## Entries supplied

====

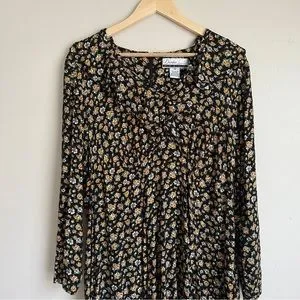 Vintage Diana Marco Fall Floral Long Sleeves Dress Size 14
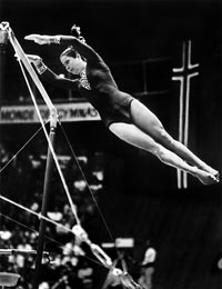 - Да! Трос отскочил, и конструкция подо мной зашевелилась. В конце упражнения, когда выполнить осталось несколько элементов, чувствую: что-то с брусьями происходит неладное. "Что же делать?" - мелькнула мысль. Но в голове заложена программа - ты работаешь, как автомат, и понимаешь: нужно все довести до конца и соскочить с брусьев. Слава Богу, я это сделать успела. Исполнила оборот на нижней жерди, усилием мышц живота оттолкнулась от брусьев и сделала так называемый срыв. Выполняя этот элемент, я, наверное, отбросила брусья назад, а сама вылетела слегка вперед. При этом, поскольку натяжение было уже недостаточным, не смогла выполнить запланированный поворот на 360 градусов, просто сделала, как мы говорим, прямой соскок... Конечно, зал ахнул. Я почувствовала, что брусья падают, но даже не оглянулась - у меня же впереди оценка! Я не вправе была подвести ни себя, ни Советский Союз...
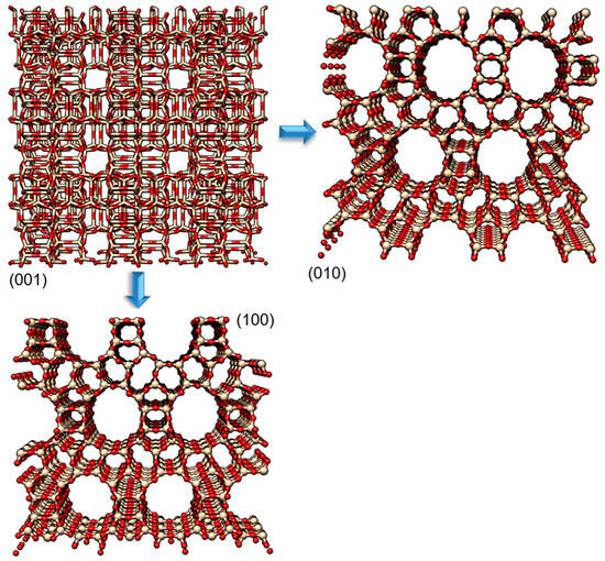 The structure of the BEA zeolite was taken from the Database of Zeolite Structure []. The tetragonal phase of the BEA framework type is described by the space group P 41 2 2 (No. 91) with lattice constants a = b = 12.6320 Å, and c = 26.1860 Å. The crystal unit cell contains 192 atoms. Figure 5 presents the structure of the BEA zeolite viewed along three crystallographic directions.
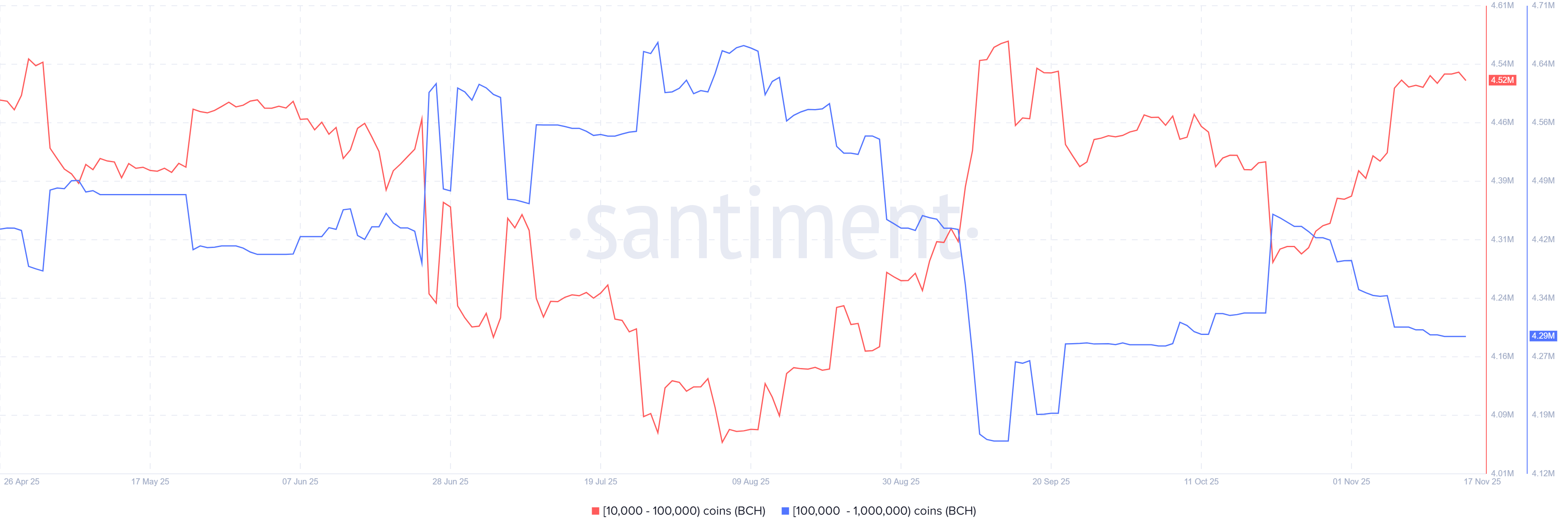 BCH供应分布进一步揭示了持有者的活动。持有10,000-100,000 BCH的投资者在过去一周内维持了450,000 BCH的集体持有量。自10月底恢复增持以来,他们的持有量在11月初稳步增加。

====

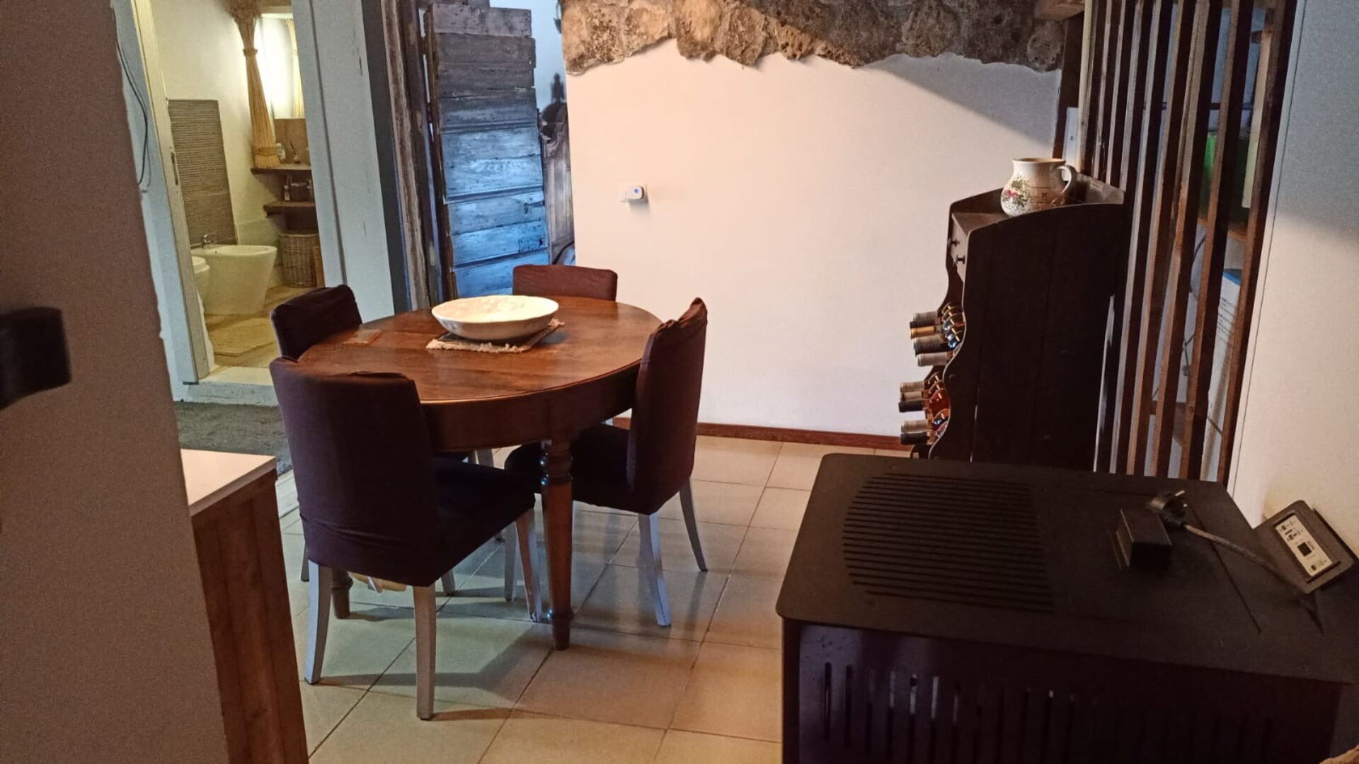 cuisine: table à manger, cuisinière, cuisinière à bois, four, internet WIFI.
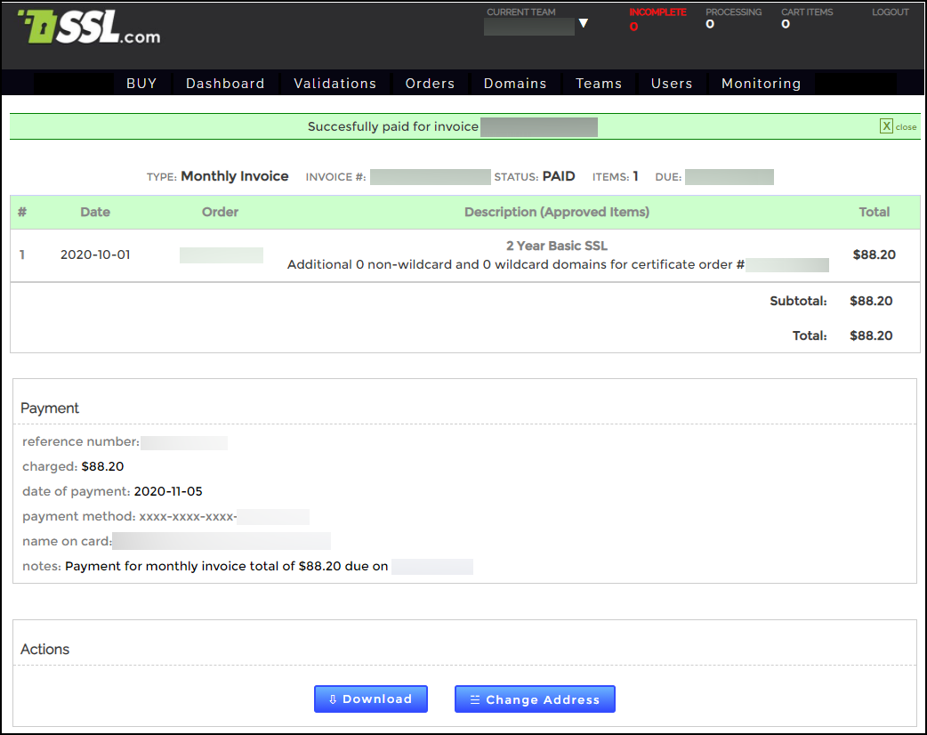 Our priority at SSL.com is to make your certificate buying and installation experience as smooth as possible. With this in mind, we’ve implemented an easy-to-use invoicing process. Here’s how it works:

====

## About this exercise
Both the line containing "cuisine: table à" and the line containing "Our priority at" above belong in the output, as do the lines between them. Print them exactly, without pictures.

## Result of the task
 cuisine: table à manger, cuisinière, cuisinière à bois, four, internet WIFI.
 Our priority at SSL.com is to make your certificate buying and installation experience as smooth as possible. With this in mind, we’ve implemented an easy-to-use invoicing process. Here’s how it works:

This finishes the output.